In the story, however, Jonah is a hard guy to defend. Called by God to prophesy to Nineveh, he got on the next boat headed in the opposite direction and nearly got everybody on board killed before God sent a taxi in the form of a whale to turn Jonah around and spit him in the right direction. It wasn’t just that Jonah was afraid to be a prophet. He might have said okay if God had sent him someplace nearby like Jericho or Shechem, but Nineveh was simply out of the question. It was the capital city of the Assyrian empire, now known as Iraq—which was as hostile to Israel then as it is now.
Jonah didn’t want any part of it and for good reason. He knew what usually happened to God’s messengers, and truthfully he had no desire to participate in Nineveh’s salvation. If the city was going to hell, let it. He wasn’t going to intervene. But God had a different idea which Jonah finally realized he was going to be a part of whether he liked it or not. So, the second time God sent him to Nineveh he went, not because he had a change of heart but because he knew he had no choice. His only consolation was thinking how delicious it was going to be, pronouncing judgment on all those Ninevites. They had devastated Jewish cities and killed Jewish people. They had deported all those who survived and taken them home to be their maids and gardeners. If Jonah was doomed to become their next victim, he would at least make sure he got in a few licks of his own before he went down. Jonah knows how evil they all are, how richly they deserve God’s judgment, and he cannot wait to get started.

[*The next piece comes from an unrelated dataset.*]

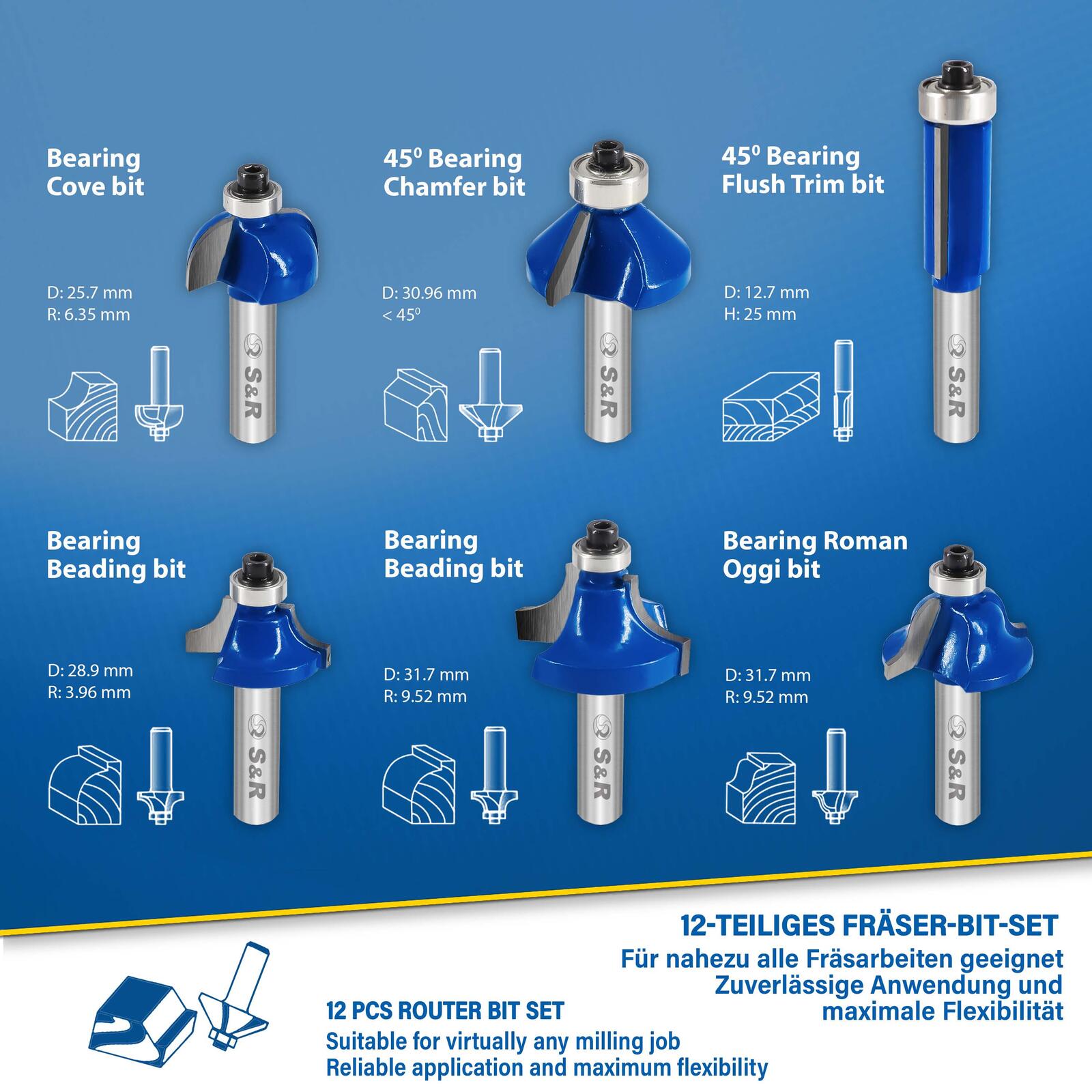 Das S&R Fräser-Set 12-teilig bietet eine umfassende Auswahl an hochwertigen Fräswerkzeugen, die speziell für die Bearbeitung verschiedenster Holzarten entwickelt wurden. Mit einem Schaftdurchmesser von 8,00 mm ist das Set ideal für den Einsatz an handelsüblichen Fräsmaschinen geeignet und gewährleistet eine stabile und präzise Führung während der Arbeit.

“Yet forty days, and Nineveh shall be overthrown!” he shouts. He might have been warming up to something considerably longer than that, but no one will ever know, because no sooner does he get that sentence out of his mouth than the whole city repents on the spot. “Yes!” they shout. “We believe!” The king orders a fast and leads them all out to change into sack cloth and ashes, and there stands Jonah all alone in his tent before he has even broken a sweat. Meanwhile, the Ninevites cry mightily to God, God decides to spare them after all, and the revival is proclaimed a howling success. And with the world’s shortest sermon, Jonah has accomplished more than all the other prophets put together.

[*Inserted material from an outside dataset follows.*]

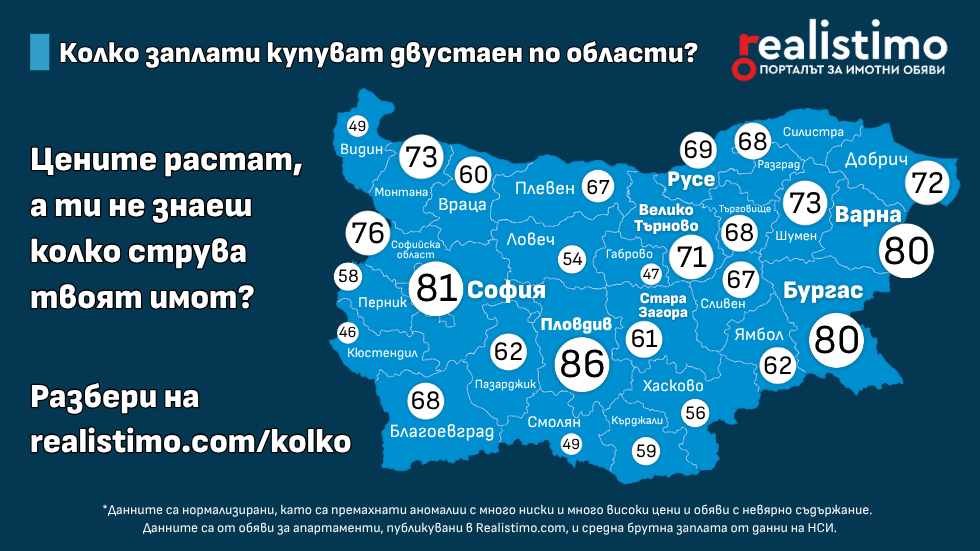 Повечето българи (включително много от Вас, които четете това) не знаят колко струва имотът им точно сега в момента. Всеки знае колко има в сметката си, ако пък инвестира знае и колко има в акции, крипто, злато или други инвестиции. Цената на най-голямото му богатство обаче - имотът - е забулен в тайна или още по-страшно, в заблуда. Интересни факти обаче излязоха около осведомителната кампания на портала за имоти Реалистимо “Колко струва моят имот” и новия калкулатор за цена на имот на Realistimo.com/kolko

This has converted the biggest city in the enemy empire. He should be happy, right? No. He is so angry he could die. The last thing in the world that Jonah wants is for the Ninevites to be spared. He wants them all to go up in smoke and, more important than that, he wants to be right.
Everyone in this story repents except Jonah. The Ninevites repent, God relents, even the cows and goats repent. Jonah slinks off to the outskirts of the city and hopes God will decide to destroy it after all, because he cannot accept the possibility that God’s idea of justice might not coincide with his own.

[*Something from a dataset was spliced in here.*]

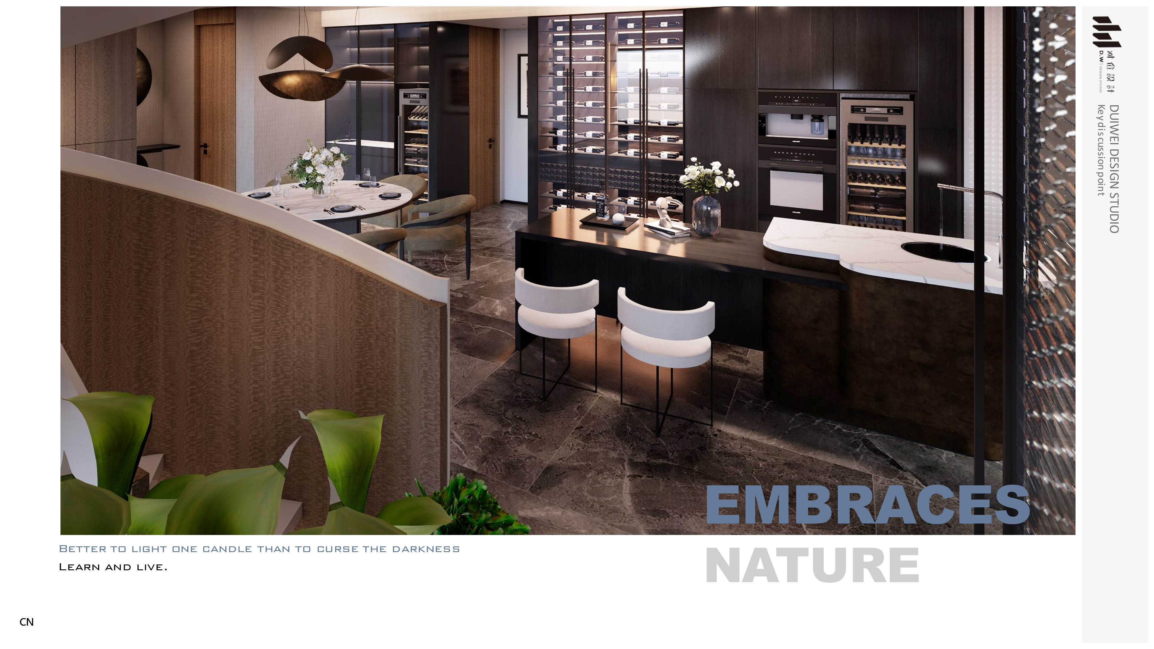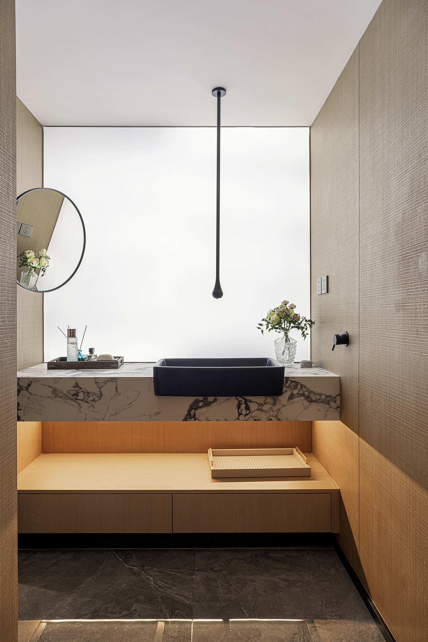 The void design maximizes the introduction of natural light and creates a spacious and bright atmosphere. Paired with simple and neat furniture and artistic decorations, the walls of the public area are made of serrated wooden wall panels. Their unique shape and texture add a natural and rustic atmosphere to the space, while contrasting with the overall simple and modern style, highlighting humanistic feelings.

There is a divine sense of humor loose in this story, however, and even Jonah’s sulking cannot keep God from playing with him. While Jonah sits hunkered down in his hut, watching the city hopefully for some sign of earthquake or fire, God appoints a castor oil plant to grow up over his head and shade him from the heat of the sun. Jonah likes this very much. He likes this as much as he did not like what happened in Nineveh, but his happiness is short lived. The next day God appoints a worm to attack the bush and Jonah once again threatens to die, as if this will ruin God’s day or something.
“Is it right for you to be angry about the plant?” God asks him. It’s a trick question, although Jonah doesn’t seem to notice. If he says no, it really is not right for him to be angry about the plant, then he is admitting that what happened to the plant or the Ninevites or to Jonah himself is really God’s business, not his own, and that the job of deciding how the world should be run is already filled. And if he says yes, it is right for him to be angry about the plant, then he throws open the way for God to compare the fate of the plant to the fate of a whole city full of people so that Jonah can, perhaps, get just a glimmer of his own pettiness.
“Is it right for you to be angry about the plant?” “Yes,” Jonah says, “angry enough to die.” If you have never felt like that yourself, then you probably will not get the punch line of this story or that story from the gospels and the parable about the laborers, you know, the one where those who came late were paid as much as those who arrived first. Both stories poke a hard finger in the ribs of those of us who want God’s mercy for ourselves and God’s justice for other people. We rejoice when undeserved blessings come our way. Even when we know the blessings that come to us have been delivered to the wrong address, there are not many of us who will send them back. We thank God and quickly carry them inside, but when we look out the window and see the delivery person carrying an identical package next door to those really unpleasant people who sit on the porch drinking beer after beer in broad daylight and whose children look like they belong on a UNICEF poster, well, we tend to resent that. Undeserved blessings are only supposed to go to the deserving, apparently.
We are such bookkeepers! And God is not. When the Ninevites repent and the people we judge most harshly receive the mercy of God, then it becomes painfully clear that there is something inherently unfair in the notion of grace. God does not keep track of things like we do. God does not spend a lot of time deciding who is worthy and who is not, like we do. God doesn’t give any of us what we deserve but what we need, and it is hard—very hard—to trust God’s judgment on that score.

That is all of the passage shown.